For instance the group of "regular" positive Clifford elements leaving the original space invariant, map onto the group of positive inner product preserving linear transformations of the original space, with kernel the non zero elements of the underlying field.

This gives them applications to understanding the Lorentz group of rotations of 4 dimensional space time in special relativity which do not interchange past and future.

From this brief perspective, I would say many physicists should know about them, but that their interest is vastly more restricted than that of the very general and flexible tool of differential forms, which everyone who does calculus can benefit from. In particular anyone who wants to study general as opposed to only special relativity seems destined to require differential forms.

[mathwonk]

ALFLAC!!! [why is this not sufficient? does the hierarchy here think us unable to communicate with a single word?]

[Haelfix]

"but that their interest is vastly more restricted than that of the very general and flexible tool of differential forms, which everyone who does calculus can benefit from. In particular anyone who wants to study general as opposed to only special relativity seems destined to require differential forms."

Thats the problem, if you ask Hestenes and the Geometric Algebra people, they will tell you Differential forms are a subset of the more general Clifford algebra construction they use.

That is not however how I learned it, and why its somewhat confusing. For instance, typically in physics Clifford algebras primarily arise when you want to stick a spin geometry (read spinor bundles) on a manifold. This is topologically restricting from the getgo, amongst other things you need a choice of complex structure and I think the other is that the second STiefel Whitney class is identically zero.

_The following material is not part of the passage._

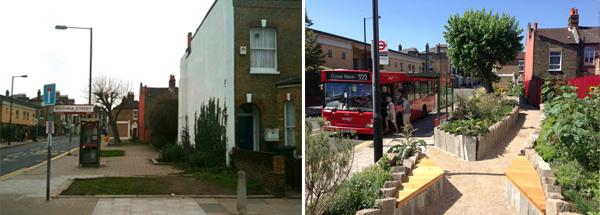 Or this one, which inspired the whole idea. Residents have been gardening this little patch alongside a bus-stop since 2011, and it now has benches, beds made from recycled kerb stones, and lots of herbs and fruit trees.

I guess it just means I don't understand Geometric Algebra, b/c not only is their definition of differential forms/manifolds different than what I learned and how I use it daily, it also seems their 'Clifford algebras' are somewhat different than I learned. For instance one second of googling gives 4 camps
http://www.ajnpx.com/html/Clifford/4CliffordCamps.html

I asked a math proffessor about this the other day, and he babbled something (he was clearly confused too) about how they are trying to generalize cross products and how their construction is really only good in dimensions 3 and 4.

[mathwonk]

I tried some of those links but they sound like crackpots to me, and I do not want to waste any more time pursuing reading their stuff. If anyone seriously believes these guys have made differential forms obsolete, fine. I cannot help further. (math professor talking here.)

[Haelfix]

Lol, I thought so too. They sound too grandiose, with huge claims etc.

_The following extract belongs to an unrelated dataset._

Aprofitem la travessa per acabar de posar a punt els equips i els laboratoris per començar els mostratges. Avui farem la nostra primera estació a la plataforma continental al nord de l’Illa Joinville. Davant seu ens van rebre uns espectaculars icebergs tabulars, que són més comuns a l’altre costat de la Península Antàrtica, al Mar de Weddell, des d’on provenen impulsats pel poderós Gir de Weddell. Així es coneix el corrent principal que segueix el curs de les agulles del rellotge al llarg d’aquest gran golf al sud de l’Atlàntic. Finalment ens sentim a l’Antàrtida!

However serious people, take them seriously. Hestenes is at Cambridge, and he has managed to convince quite a few physicists to write books on his approach, etc.

Go figure.

[mathwonk]

well i noticed he is at cambridge, but he still seemed to be claiming to rewrite the whole mathematical basis of physics so i figred he is most likely a nutcase anyway.

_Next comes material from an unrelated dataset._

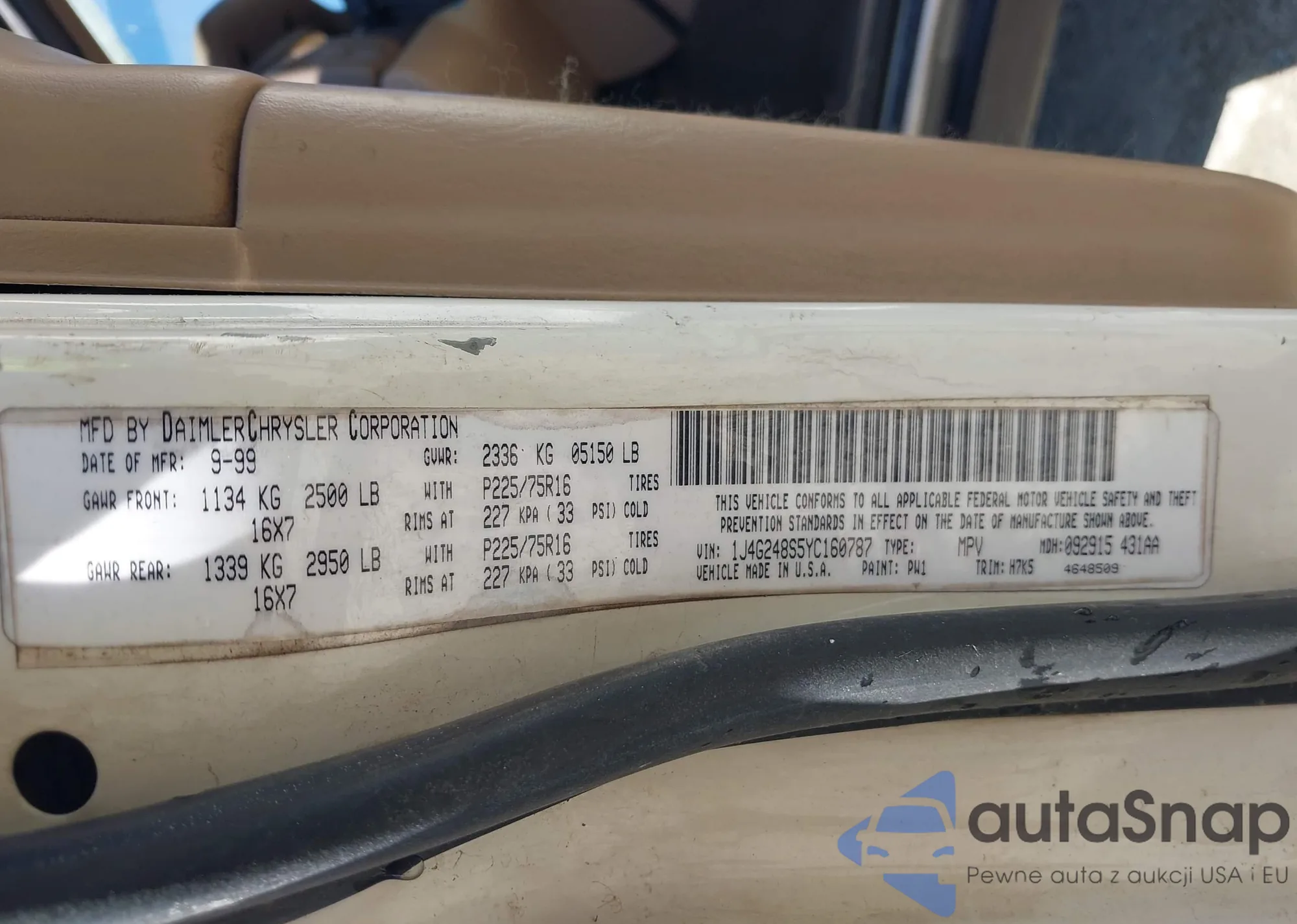 • VIN 1J4G248S5YC160787

of course we could be wrong. i mean i acknowledge that i also am a pod person mascarading as a normal human being.

[dextercioby]

Is that David Hestenes,a guy who was at "Department of Physics and Astronomy,Arizona State University,Tempe,Arizona" ...?

I've got a lecture by him at the 1996 Fourth International Conference on Clifford Algebras and Their Applications to Mathematical Physics",Aachen,D called "Spinor Particle Mechanics".

Back then he didn't seem to be a crackpot.He's published in peer reviewed journals.I dunno what happened in between,there are 9 years,after all...

Daniel.

[Doodle Bob]

That is not however how I learned it, and why its somewhat confusing. For instance, typically in physics Clifford algebras primarily arise when you want to stick a spin geometry (read spinor bundles) on a manifold. This is topologically restricting from the getgo, amongst other things you need a choice of complex structure and I think the other is that the second STiefel Whitney class is identically zero.

I guess it just means I don't understand Geometric Algebra, b/c not only is their definition of differential forms/manifolds different than what I learned and how I use it daily, it also seems their 'Clifford algebras' are somewhat different than I learned. For instance one second of googling gives 4 camps
http://www.ajnpx.com/html/Clifford/4CliffordCamps.html


You all will have to forgive me for my lame answer to the posed question. I didn't realize that the questioner was asking the question from such a sophisticated point of view. I was not aware that anyone disagreed with how to define Clifford algebras, et al., having myself assumed that it was all decided already. Looking at my copy of Spin Geometry, I think that maybe the idea is to create spin-like structures on a broader class of manifolds besides those with zero 2nd Stiefel-Whitney classes.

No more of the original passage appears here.